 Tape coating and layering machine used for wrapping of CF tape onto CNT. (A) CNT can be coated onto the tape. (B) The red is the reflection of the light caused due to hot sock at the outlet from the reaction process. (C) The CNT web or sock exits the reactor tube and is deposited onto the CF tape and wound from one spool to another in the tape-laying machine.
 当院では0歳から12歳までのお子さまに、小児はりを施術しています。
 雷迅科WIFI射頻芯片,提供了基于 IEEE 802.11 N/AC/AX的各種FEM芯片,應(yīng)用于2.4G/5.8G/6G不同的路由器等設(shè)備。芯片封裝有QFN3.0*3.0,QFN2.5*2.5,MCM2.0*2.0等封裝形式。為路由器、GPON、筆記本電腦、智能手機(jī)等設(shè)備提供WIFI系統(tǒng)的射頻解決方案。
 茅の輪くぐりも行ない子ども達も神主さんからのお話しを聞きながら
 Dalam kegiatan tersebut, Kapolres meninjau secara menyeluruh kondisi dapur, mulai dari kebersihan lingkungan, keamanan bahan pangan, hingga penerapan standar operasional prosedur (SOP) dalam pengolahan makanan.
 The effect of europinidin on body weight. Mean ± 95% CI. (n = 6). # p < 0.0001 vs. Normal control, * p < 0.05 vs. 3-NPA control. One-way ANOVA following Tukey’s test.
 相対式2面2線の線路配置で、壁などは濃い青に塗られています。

* * *

## WHAT THIS TASK INVOLVES
Would you copy exactly the lines from the one that contains "The effect of" through the final line of the records above, including both?

## WRITTEN ANSWER
 The effect of europinidin on body weight. Mean ± 95% CI. (n = 6). # p < 0.0001 vs. Normal control, * p < 0.05 vs. 3-NPA control. One-way ANOVA following Tukey’s test.
 相対式2面2線の線路配置で、壁などは濃い青に塗られています。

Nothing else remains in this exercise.